I have not purchased one single present and think I am in major denial over the upcoming holiday.
Mom has taken a turn for the worse since last Sunday. She did so well Thanksgiving and my thoughts now turn back to Zoe and her decline after last Thanksgiving and I keep wondering if Mom has the ability to bounce back one more time or if she will follow Zoe.
I know I should not compare the two but I do.:(:(:(
Thanks for listening.
Oh Addy, I am so sorry about your mom. I wouldn't be able to help comparing the two situations, either. I was really grateful that my mom could go on our Thanksgiving trip with us. I don't think she will be traveling again. She has a lot of discomfort when forced to sit in one position for very long, and now it is finally hampering her general mobility. I know she is failing pretty rapidly now, especially in terms of her heart. I know I should try to prepare myself for what will come, but I just can't go there in my mind. But with every holiday now, I keep thinking "will this be the last one?"
I wish I could find a way to turn my brain off and live in the moment like our doggies do.

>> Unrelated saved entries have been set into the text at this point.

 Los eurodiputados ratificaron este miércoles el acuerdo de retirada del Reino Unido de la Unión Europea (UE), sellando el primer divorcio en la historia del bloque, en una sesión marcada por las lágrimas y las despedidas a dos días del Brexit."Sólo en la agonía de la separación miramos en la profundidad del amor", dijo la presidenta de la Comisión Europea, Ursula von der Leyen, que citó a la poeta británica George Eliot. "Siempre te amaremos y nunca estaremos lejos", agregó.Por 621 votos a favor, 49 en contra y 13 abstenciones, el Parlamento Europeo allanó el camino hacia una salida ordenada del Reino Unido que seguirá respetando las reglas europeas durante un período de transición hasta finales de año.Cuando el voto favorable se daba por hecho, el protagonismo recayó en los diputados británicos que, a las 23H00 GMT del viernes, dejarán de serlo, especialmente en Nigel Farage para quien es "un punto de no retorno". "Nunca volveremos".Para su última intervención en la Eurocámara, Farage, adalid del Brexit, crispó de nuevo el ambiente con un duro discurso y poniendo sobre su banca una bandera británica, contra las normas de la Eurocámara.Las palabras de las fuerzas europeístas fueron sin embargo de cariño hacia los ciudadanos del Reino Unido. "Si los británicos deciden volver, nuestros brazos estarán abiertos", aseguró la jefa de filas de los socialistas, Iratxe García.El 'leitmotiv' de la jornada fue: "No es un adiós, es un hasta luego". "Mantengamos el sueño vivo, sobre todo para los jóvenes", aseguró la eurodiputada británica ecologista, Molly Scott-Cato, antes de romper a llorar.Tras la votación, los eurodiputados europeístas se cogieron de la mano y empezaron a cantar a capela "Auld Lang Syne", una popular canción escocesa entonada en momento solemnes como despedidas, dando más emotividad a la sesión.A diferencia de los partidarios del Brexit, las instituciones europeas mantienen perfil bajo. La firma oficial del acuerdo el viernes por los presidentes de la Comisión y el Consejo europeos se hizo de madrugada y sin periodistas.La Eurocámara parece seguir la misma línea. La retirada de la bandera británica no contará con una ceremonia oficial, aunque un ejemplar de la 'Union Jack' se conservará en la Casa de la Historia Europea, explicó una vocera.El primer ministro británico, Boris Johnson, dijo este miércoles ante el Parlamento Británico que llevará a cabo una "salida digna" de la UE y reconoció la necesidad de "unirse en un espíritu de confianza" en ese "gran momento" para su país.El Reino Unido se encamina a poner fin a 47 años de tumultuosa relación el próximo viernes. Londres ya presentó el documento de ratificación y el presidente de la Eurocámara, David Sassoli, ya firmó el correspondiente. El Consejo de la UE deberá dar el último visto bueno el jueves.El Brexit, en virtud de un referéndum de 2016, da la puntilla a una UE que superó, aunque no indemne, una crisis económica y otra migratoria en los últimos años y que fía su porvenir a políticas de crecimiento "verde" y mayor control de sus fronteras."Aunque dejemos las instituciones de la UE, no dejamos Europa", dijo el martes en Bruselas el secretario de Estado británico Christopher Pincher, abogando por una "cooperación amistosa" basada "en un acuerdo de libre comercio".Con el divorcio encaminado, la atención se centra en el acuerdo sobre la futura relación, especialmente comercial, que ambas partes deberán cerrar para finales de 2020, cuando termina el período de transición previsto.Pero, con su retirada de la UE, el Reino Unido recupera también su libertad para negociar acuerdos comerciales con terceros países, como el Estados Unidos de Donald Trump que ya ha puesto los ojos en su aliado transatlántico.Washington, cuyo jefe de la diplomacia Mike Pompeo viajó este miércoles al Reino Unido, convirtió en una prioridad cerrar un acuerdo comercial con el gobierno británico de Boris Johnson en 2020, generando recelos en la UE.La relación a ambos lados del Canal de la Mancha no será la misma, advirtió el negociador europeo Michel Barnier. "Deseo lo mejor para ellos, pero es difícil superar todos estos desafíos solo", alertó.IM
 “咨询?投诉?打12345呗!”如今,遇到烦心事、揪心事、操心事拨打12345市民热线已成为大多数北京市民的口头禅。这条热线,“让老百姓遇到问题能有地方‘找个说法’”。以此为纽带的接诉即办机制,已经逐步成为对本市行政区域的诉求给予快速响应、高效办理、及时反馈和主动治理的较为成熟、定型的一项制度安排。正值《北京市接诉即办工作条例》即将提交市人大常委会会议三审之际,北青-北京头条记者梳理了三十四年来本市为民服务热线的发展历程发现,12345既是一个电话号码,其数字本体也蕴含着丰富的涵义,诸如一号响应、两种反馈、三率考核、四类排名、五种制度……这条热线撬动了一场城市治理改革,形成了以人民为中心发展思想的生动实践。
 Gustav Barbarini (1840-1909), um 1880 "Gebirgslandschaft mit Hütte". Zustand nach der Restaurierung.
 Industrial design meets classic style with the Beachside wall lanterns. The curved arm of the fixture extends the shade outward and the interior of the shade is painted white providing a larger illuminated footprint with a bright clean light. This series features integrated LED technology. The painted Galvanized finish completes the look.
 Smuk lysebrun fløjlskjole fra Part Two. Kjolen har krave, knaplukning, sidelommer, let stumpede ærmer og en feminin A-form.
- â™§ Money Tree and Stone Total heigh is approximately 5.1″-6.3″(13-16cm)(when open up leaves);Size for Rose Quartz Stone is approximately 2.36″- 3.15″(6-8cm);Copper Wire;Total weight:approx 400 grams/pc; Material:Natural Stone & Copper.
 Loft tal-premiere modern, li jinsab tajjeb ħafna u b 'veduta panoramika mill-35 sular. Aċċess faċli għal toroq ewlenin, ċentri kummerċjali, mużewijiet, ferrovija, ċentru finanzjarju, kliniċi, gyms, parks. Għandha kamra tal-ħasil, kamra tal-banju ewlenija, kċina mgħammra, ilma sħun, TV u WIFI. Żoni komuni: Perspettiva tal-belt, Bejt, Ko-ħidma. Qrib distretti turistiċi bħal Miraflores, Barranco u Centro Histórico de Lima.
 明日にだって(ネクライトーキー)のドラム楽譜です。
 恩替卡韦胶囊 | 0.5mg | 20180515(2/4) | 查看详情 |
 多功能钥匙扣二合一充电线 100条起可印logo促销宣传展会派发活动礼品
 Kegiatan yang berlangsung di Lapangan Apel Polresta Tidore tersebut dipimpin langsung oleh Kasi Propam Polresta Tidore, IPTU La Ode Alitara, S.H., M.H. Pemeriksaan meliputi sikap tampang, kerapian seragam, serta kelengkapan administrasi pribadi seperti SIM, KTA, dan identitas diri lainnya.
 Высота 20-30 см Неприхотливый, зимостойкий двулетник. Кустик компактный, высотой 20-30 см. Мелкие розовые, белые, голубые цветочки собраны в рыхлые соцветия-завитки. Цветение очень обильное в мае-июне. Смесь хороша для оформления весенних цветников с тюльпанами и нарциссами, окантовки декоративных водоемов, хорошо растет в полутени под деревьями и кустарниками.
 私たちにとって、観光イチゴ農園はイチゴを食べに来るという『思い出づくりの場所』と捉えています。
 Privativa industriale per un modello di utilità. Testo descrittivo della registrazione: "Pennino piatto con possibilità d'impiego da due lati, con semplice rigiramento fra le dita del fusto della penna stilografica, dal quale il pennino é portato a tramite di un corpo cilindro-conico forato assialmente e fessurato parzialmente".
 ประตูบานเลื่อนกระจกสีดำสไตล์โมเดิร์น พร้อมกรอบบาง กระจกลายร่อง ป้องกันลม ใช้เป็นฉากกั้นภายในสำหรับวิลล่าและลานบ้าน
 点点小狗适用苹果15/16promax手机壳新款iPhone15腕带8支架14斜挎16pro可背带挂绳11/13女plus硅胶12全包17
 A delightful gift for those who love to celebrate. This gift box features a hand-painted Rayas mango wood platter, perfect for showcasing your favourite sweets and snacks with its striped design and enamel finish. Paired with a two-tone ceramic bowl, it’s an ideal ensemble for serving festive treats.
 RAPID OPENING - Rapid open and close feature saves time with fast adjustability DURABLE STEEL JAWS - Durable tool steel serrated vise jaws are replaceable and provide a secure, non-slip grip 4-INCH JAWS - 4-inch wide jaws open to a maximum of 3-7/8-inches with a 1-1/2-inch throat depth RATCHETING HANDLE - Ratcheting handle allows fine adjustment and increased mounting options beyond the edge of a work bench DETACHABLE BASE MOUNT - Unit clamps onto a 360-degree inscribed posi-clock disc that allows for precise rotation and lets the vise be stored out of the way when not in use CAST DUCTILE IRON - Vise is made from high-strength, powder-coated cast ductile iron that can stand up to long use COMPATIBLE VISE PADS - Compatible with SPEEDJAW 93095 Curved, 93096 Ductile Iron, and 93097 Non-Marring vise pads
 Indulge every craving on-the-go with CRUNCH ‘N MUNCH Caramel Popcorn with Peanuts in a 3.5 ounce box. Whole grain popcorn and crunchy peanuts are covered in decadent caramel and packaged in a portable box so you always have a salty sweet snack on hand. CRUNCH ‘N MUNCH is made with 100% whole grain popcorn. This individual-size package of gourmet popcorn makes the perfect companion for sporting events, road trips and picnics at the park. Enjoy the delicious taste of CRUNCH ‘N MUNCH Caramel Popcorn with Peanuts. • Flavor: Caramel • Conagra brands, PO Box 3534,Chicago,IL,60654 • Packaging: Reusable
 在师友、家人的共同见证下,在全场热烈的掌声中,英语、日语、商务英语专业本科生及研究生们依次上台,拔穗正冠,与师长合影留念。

Thanks for listening to me, too, Addy.
Me too, Marianne, wish I could consistently stay in the moment. I was just reading a blog. The author basically was saying that is ok for traditions to change as our lives change. For some reason I took great comfort in that statement.
I am doing the same thing with my Mom. I was so grateful for the wonderful Thanksgiving we had together.
One day at a time.
Hugs and love.
Oh, I take comfort in that, too, Addy -- about allowing traditions to shift. In a crazy way, I think I've already been tinkering with some small things this year kinda for the sake of practicing. Figuring that if I can get used to making some small changes now, maybe it'll help me cope when those big ones hit. Probably not, but at least it's a strategy :o. And my big wreath and a bunch of decorations were looking pretty ratty anyway and were due for a change (or were long overdue per hubby...:rolleyes:).